Ziaul Haq is pilloried for his intense fundamentalism, and held responsible for most of the ills our country is facing today, in particular for the Hudood Bill, Blasphemy laws and similar other retrogressive legislative measures. Seen in the context of those times, with Islamic revolution marching triumphantly in Iran and the inspiring sagas of jihad in Afghanistan, these measures appeared a natural corollary of the ethos of the time. Zia strictly followed Islamic injunctions in his personal life, but was not a religious bigot. His family, conservative as they were, did not observe purdah. Begum Shafiq Zia shook hands with males and was at ease with foreign guests.
Similarly, Zia never used his personal religiosity as a political asset, unlike his uniformed successor. He visited Saudi Arabia quite often for umrah, regularly spent a couple of nights in Makkah each year during Ramazan and was given the rare privilege to enter Khana-e-Ka’aba and Roza Rasul. Photographers, however, were strictly prohibited to take any photographs of him while performing rituals. It was a personal matter between him and his Creator. It, however, did not occur to him that all these visits were at public expense and hence inadmissible.

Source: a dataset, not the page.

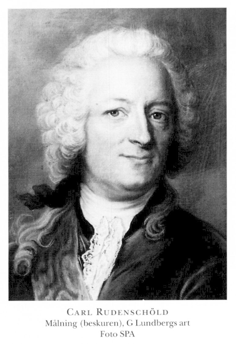 2 Rudenschöld, Carl, före adl Rudeen, son till R 1, f 12 okt 1698 i Åbo (egen uppg), d 10 juni 1783 i Sthlm, Klara. Inskr vid Abo akad 08, vid UU 9 sept 13, utsedd att medfölja Thure Gabriel Bielkes (bd 4) beskickn till Wien 11 maj 19, adl jämte sina syskon för faderns förtjänster 23 maj 19, kanslist hos ambassadör Erik Sparre i Paris 19, kanslist på stat vid den sv beskickn till kongressen i Braunschweig 31 maj 20–22, kansliex 22, e o kanslijunkare 27 april 22, medföljde Axel Wrede Sparre o senare C G Tessin på bildningsresor till Leipzig, Wien o Lunéville i Lothringen 22–27, sekr vid Gustaf Zülichs ambassad till Polen 9 maj 29, ord kanslijunkare 20 maj 29, chargé d'affaires 18 dec 32, ministre plénipotentiaire 23 april 33–19 juli 34, deltog i riksdagarna 34, 38–39, 46–47, 51–52, 55–56 o 60–62 (led av SU 38–39, 55–56 o 60–62, av mindre sekreta deput 55–56), minister ablegatus med hovråds karaktär dec 34–38, minister i Berlin 2 april 39, kansliråd o e o envoyé 22 okt 41, statssekr i utrikesexp 22 april 47, frih 16 dec 47, sekr vid KMO 17 april 48–27 nov 58, led av dir för Lappmarkens ecklesiastikverk 20 dec 50, hovkansler 9 nov 56, president i Kommerskoll 2 mars 58, riksråd 9 april 61–27 maj 66 o 29 maj 69–12 maj 72, greve 14 maj 70 (ej introd), ordf i Tyska förs:s i Sthlm kyrkoråd från 71, i Uppfostringskommissionen från 21 okt 71, kansler vid UU från 21 okt 71, en av Serafimerlasarettets styresmän från 76. – LVHAA 53, LVA 62 (preses 71 o 79), serafimerriddare 21 nov 63, stiftare o LMA 71, konstituerande o LPS 72, HedLVS 77.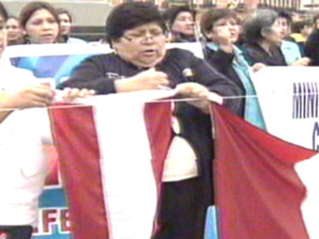 Enfermeras protestan con lavado de bandera en Plaza Bolognesi

Politics is a dirty game and Zia had his own share of this sordid exercise. But he conducted himself with sobriety and dignity. Corruption may not have been totally unknown to him and may have allowed others but certainly not at the scale we see now. His material assets did not exceed the permissible limit and the subsequent civilian government, despite all efforts, could not find a trace of any major case of personal corruption.
On balance, Zia, with all his weaknesses, was a leader who put Pakistan on the map of the world as a dignified nation and raised the stature of the country in the Islamic ummah as a sincere and committed friend. The initiative at the Rabat Summit to bring Egypt, expelled earlier for signing the Camp David Accord, back within the Organisation of the Islamic Conference (OIC) fold after 10 years of Arab boycott and diplomatic quarantine, earned Pakistan the abiding gratitude of Arabs and Egypt in particular. Revolutionary Iran had strong reservations about him, as he was the last leader who visited Tehran in October 1978. But when President Khomeini visited Pakistan in 1986, he was totally charmed by him. Pakistan’s support to Iran in its war with Iraq, despite strong opposition and threats by the US and Saudi Arabia, showed his mettle. When war broke out between Iran and Iraq on September 29, 1980, Zia lost no time in organising an OIC peace mission to Tehran, which included Malaysian Prime Minister Mahathir Mu
hammad and President Irshad of Bangladesh. The mission met Imam Khomeni on October 2 in Qum. It did not succeed, but his initiative did make an impact on the Muslim world.
Zia’s deft handling of nuclear issues, quietly linking it with Pakistan’s role in resisting former Soviet advance in the region, helped him deflect the pressure. I was political consular in our embassy in Washington during 1980-85 and hence have personal knowledge of how Zia finessed and preempted US moves, on the nuclear issue and kept the programme on course.
During my 35-year diplomatic career, I had many occasions to participate in high-level bilateral meetings and as a member of official delegations, had the opportunity to watch many presidents/prime ministers at close quarters. None prepared himself so diligently for the meetings and few equaled Zia in forceful presentation of Pakistan’s viewpoint. I recall his meeting with Col. Qadaffi on September 5, 1986 in Harare during the Non Aligned Movement (NAM) summit and the manner in which Zia chastised him for interference in our domestic affairs in the context of a Pan AM airliner hijacked to Karachi on September 3, 1986 demonstrated his confidence and courage.
Zia might not have been the leader of the Islamic ummah, as most of his supporters would maintain, but the pall of gloom and sorrow that fell on the Muslim world on his death was without precedent or parallel.